• **Aim of the exercise**:
Transcribe, leaving out every picture, the lines that run from the start of the listing below through the line with "This topical book".

────────

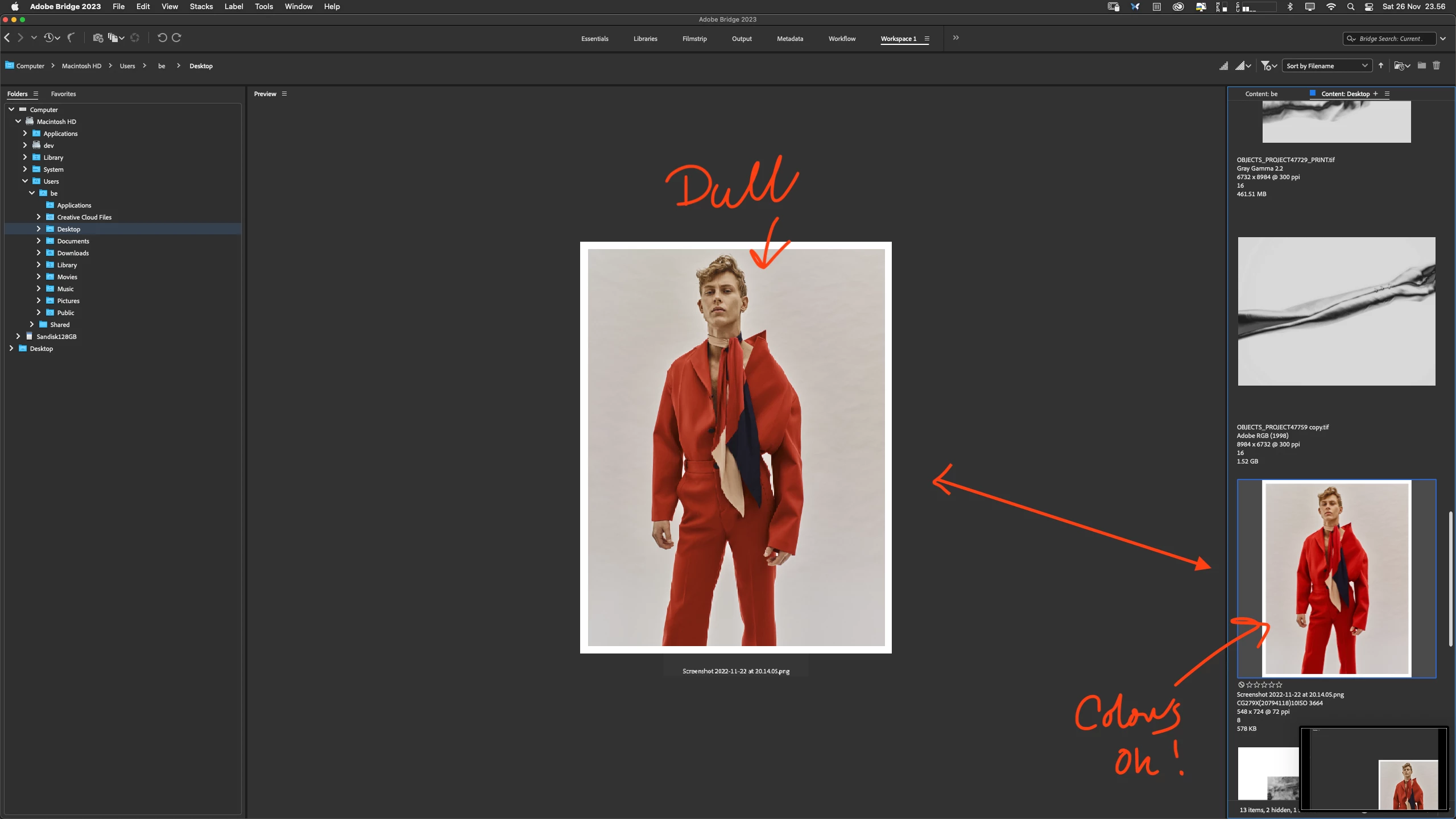 Bridge 2023 does not show proper color profile in its Preview panel.. All files no matter extension (pdf, jpg,tiff,psd all) look dull in the preview window/pane. I have attached proof. It also doesn't matter if files are color managed. All colro pictures looks extra desaturated in the preview window, but look correct in the content window as you can see in my screenshot. (color management IS ticked in preferences btw).
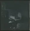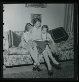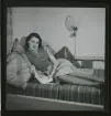 513 D Spooners Hemma hos redaktör Karlströmer. Kvinna sitter och läser framför hemmets bokhylla.
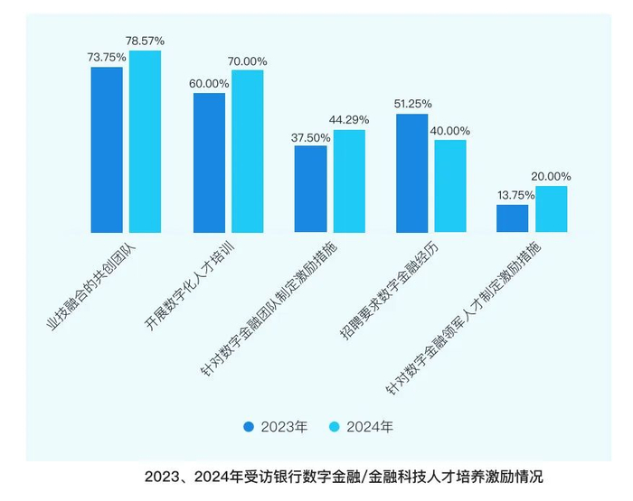 与数字金融战略相匹配的组织架构调整加速,优化、整合成为高频词。《报告》显示,55.71%的受访银行优化高级管理层、成立数字金融委员会,11.43%的受访银行设立科技子公司,37.14%的受访银行整合行内一级科技部门,将信息科技部整合为数字金融部。有78.57%的受访银行组建了不同业务条线、业务与技术条线相融合的共创团队,相较去年(73.75%)呈现稳步增长态势。70%的受访银行在全行范围内开展数字化人才培训,非技术人员也被纳入数字化能力培养体系。
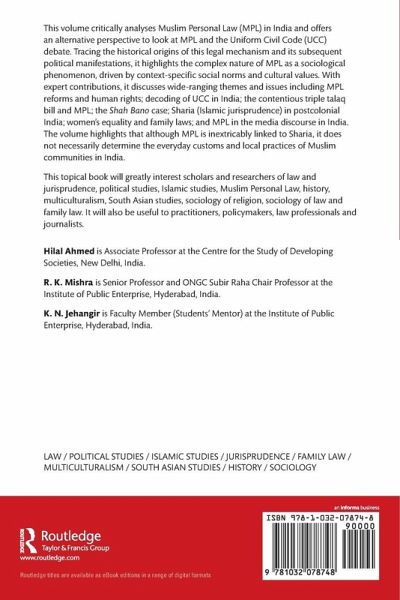 This topical book will greatly interest scholars and researchers of law and jurisprudence, political studies, Islamic studies, Muslim Personal Law, history, multiculturalism, South Asian studies, sociology of religion, sociology of law and family law. It will also be useful to practitioners, policymakers, law professionals and journalists.
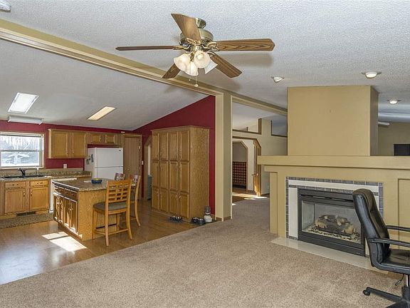 Small town, one level living! This 3 bedroom manufactured home is situated on a 1 acre lot in a quiet, peaceful neighborhood. Inside this bright and sunny home you'll find a large kitchen with tons of storage, formal living and dining rooms, a comfortable family room, a master suite with dual closets and vanities, a dedicated laundry room with cabinets for storage, 2 bedrooms, and a full bath. The breezeway connecting the home and garage is the perfect catch-all for all your necessities. Outside you'll enjoy a 3 stall heated garage, perfect for storage, a shop, a studio or whatever you dream! The level yard offers blueberry, raspberry, and strawberry bushes as well as apple and cherry trees. See this great home today!
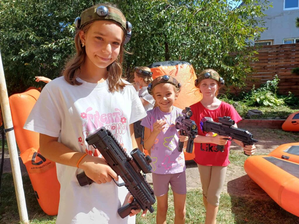 A tábor első óráit a gyerekek ismerkedéssel töltötték, melyet játékos formában, sok nevetéssel és jókedvvel vezettek le a szervezők. Az ismerkedés után Oniszkó Györgyi kommunikáció és médiaszakértő, a Rákóczi Médiacentrum munkatársa érkezett a „Hogyan mesél a film? – a film eszközei” című elődásával. Bevezetésképpen a filmforgatás összetett, de annál izgalmasabb folyamatáról mesélt, illetve olyan szakmákról, melyek a filmgyártáshoz kapcsolódnak. Majd rátért a hangok, zörejek témájára. Videókkal, filmrészletekkel szemléltette azt, hogyan keletkezik a filmben a párbeszédeken és a zenén kívül hallott hang. Ilyen a falevelek susogása, a léptek hangja, a különböző tárgyak érintése vagy egy sóhaj. Rendkívül izgalmas volt szembesülni azzal, hogy a zörejszakemberek a szalonnapirítás hangjával idézik elő az eső hangját. A szalonna témájánál a csapat már lassan meg is éhezett. Érkezett is a finom gyros tál, melyet jó étvággyal fogyasztottak el. És jól is jött az energia. Ugyanis a délutáni program lézerharccal folytatódott. A hőség ellenére a résztvevők két órán át fáradhatatlanul játszották az izgalmas játékot.
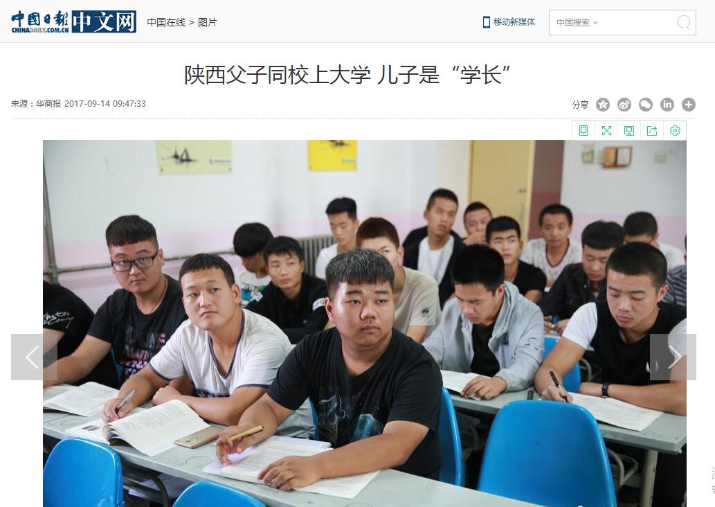 【中文网】陕西父子同校上大学 儿子是“学长”
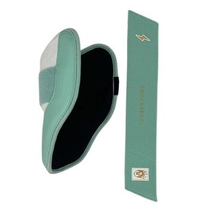 Designed by Eric with Bear these Elbow Guards feature a semi-moldable thermoplastic protective shell with a Cabretta leather outer and proprietary Sharkskin inner to prevent movement during the swing. 2 wide removable elastic strap locks the elbow guard in place providing maximum protection at the plate.
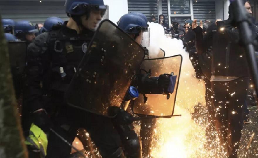 NOW - Severe clashes in Paris, police hit by firebombs.pic.twitter.com/xxW0Mtedih
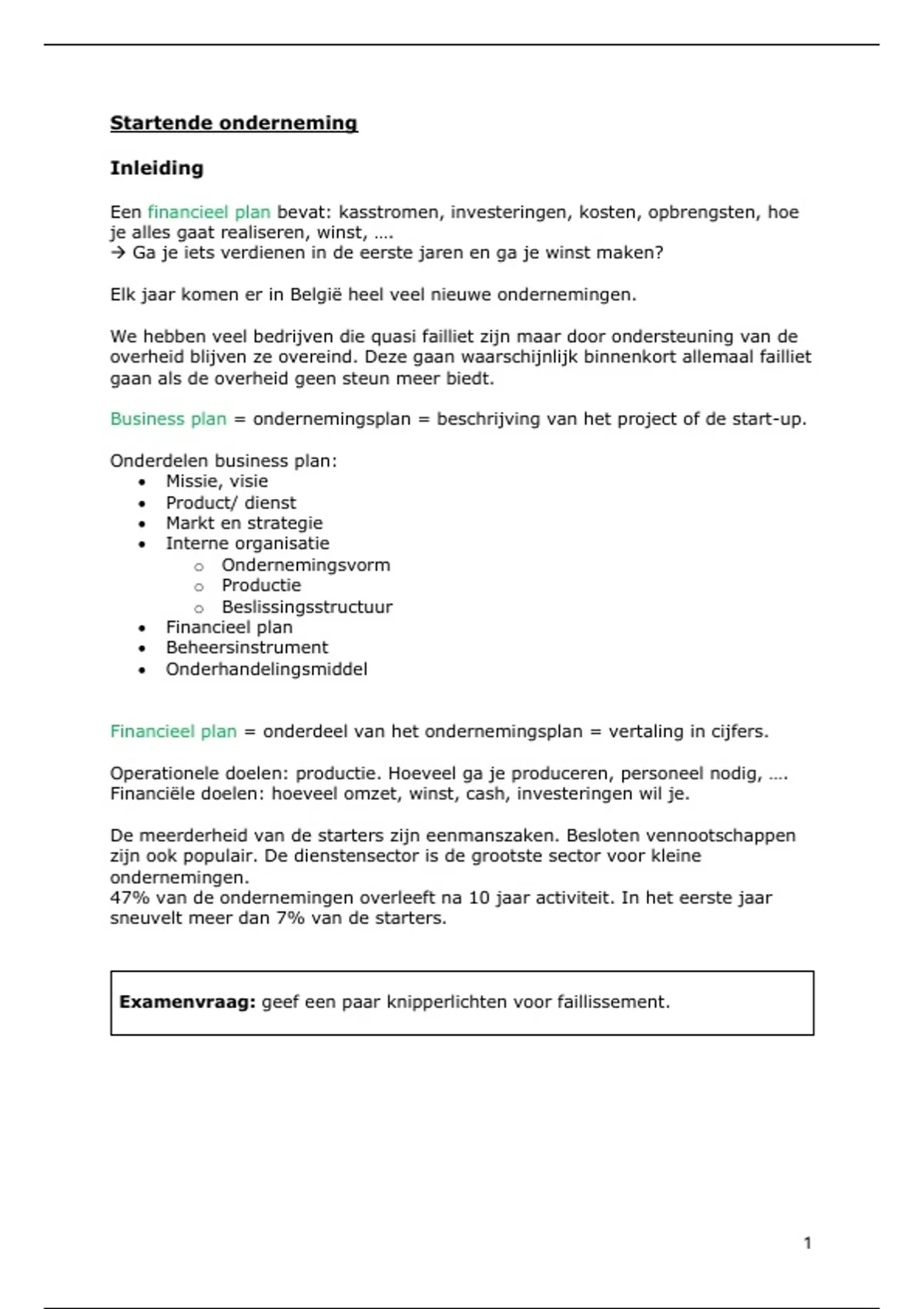 Onderdelen business plan:
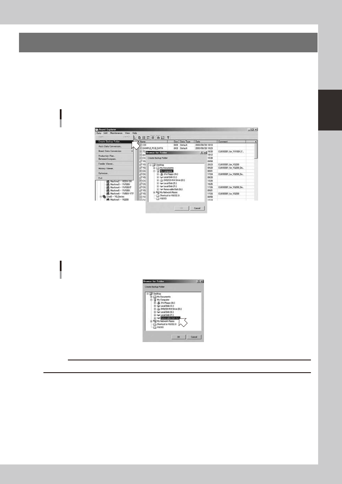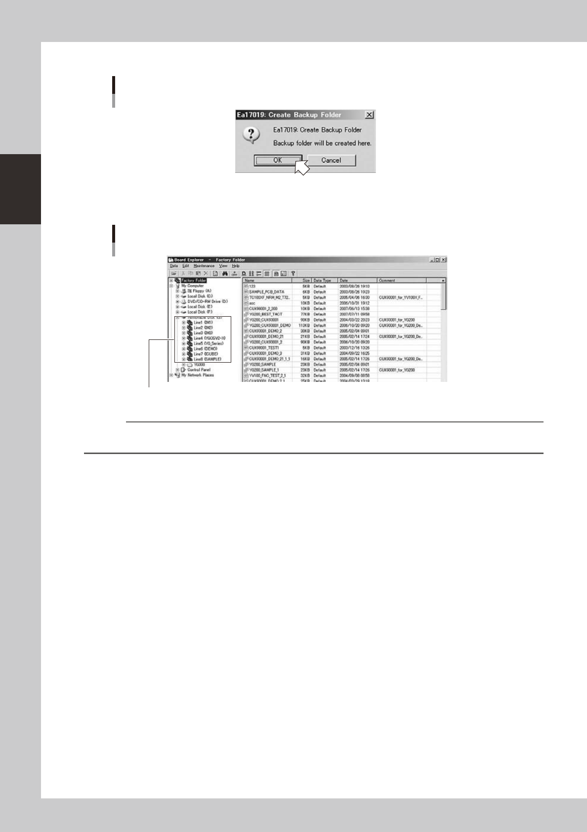2-69 2 Board Explorer 7. Creating the backup folders The Factor y T ools allows you to create backup folders under any desired director y to back up board data. T o create backup folders, follow these steps. 1 Start the …
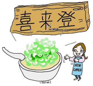 前回行列で断念した、“喜来登” さん お店の前、めっちゃ人人 再度の断念も過る(“よぎる”ってこんな字書くんやね)、過る |
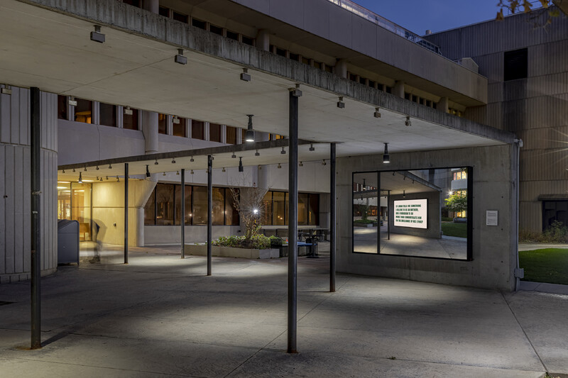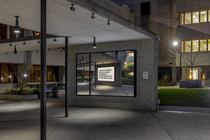 Demagogues is a provocation to question the authenticity of what is visible in the public realm. Each iteration of the work, whether a billboard or a framed print, is a photograph of the very site it’s displayed in and features the following sentence in the local language: If a man tells me something I believe to be an untruth, am I forbidden to do more than congratulate him on the brilliance of his lying? At face value, the image seems to document the presence of this text at the site at some point in time; but in fact what’s displayed is fake, as the text has been inserted into the photograph via digital manipulation.
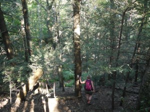We decided to go to 2.5 miles and turn around. It was to hot and humid. I never gained my hiking legs on this hike and the smart thing to do for us was to turn around and head out. We found a little spot to sit down and eat lunch, gather strength to return to the ups and downs. After a 15 minute break, we gave ourselves a pep talk to tackle the ups and downs.
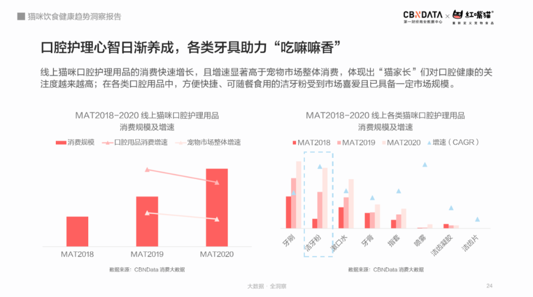 “牙口好,才能吃嘛嘛香”,猫咪的口腔健康也颇受关注。线上猫咪口腔护理用品市场消费规模显著增长,消费增速远超整体宠物市场。CBNData《报告》发现,在各类口腔用品消费中,洁牙粉凭借其方便快捷、可随餐食用的特点受到消费者喜爱。
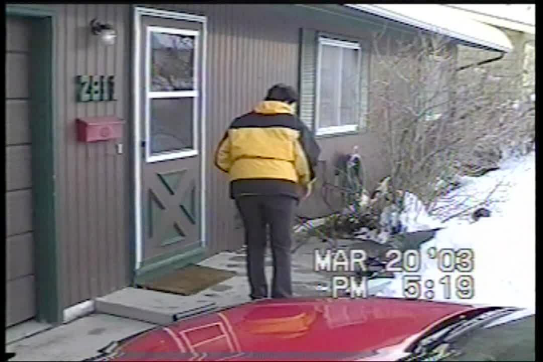 A woman hides inside a cardboard box on a porch and scares a senior man and woman. Security footage.
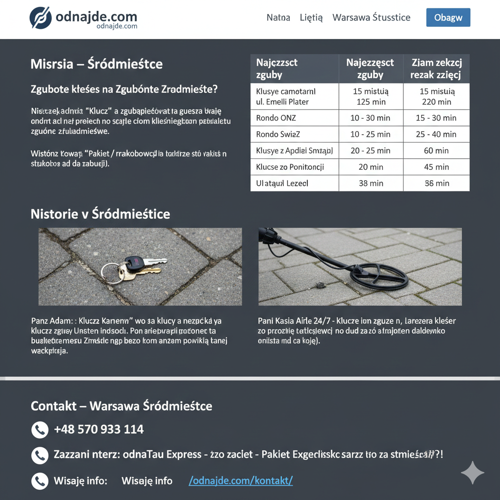 Luty 2026 roku. Warszawa Śródmieście nie śpi, ona pulsuje. Jeśli stoisz teraz na rogu Marszałkowskiej i Świętokrzyskiej, czując pod palcami jedynie pustkę w kieszeni tam, gdzie jeszcze przed chwilą spoczywał chłodny metal Twoich kluczy, witaj w samym centrum największego wyzwania logistycznego w Twoim życiu. Ale nie bój się – nie jesteś sam. Jesteś w zasięgu odnajde.com, jedynego w Polsce cyfrowo-technologicznego pogotowia detektorystycznego, które traktuje Twoje zgubione klucze jak sprawę wagi państwowej.

────────

• **Exercise output**:
 Bridge 2023 does not show proper color profile in its Preview panel.. All files no matter extension (pdf, jpg,tiff,psd all) look dull in the preview window/pane. I have attached proof. It also doesn't matter if files are color managed. All colro pictures looks extra desaturated in the preview window, but look correct in the content window as you can see in my screenshot. (color management IS ticked in preferences btw).
 513 D Spooners Hemma hos redaktör Karlströmer. Kvinna sitter och läser framför hemmets bokhylla.
 与数字金融战略相匹配的组织架构调整加速,优化、整合成为高频词。《报告》显示,55.71%的受访银行优化高级管理层、成立数字金融委员会,11.43%的受访银行设立科技子公司,37.14%的受访银行整合行内一级科技部门,将信息科技部整合为数字金融部。有78.57%的受访银行组建了不同业务条线、业务与技术条线相融合的共创团队,相较去年(73.75%)呈现稳步增长态势。70%的受访银行在全行范围内开展数字化人才培训,非技术人员也被纳入数字化能力培养体系。
 This topical book will greatly interest scholars and researchers of law and jurisprudence, political studies, Islamic studies, Muslim Personal Law, history, multiculturalism, South Asian studies, sociology of religion, sociology of law and family law. It will also be useful to practitioners, policymakers, law professionals and journalists.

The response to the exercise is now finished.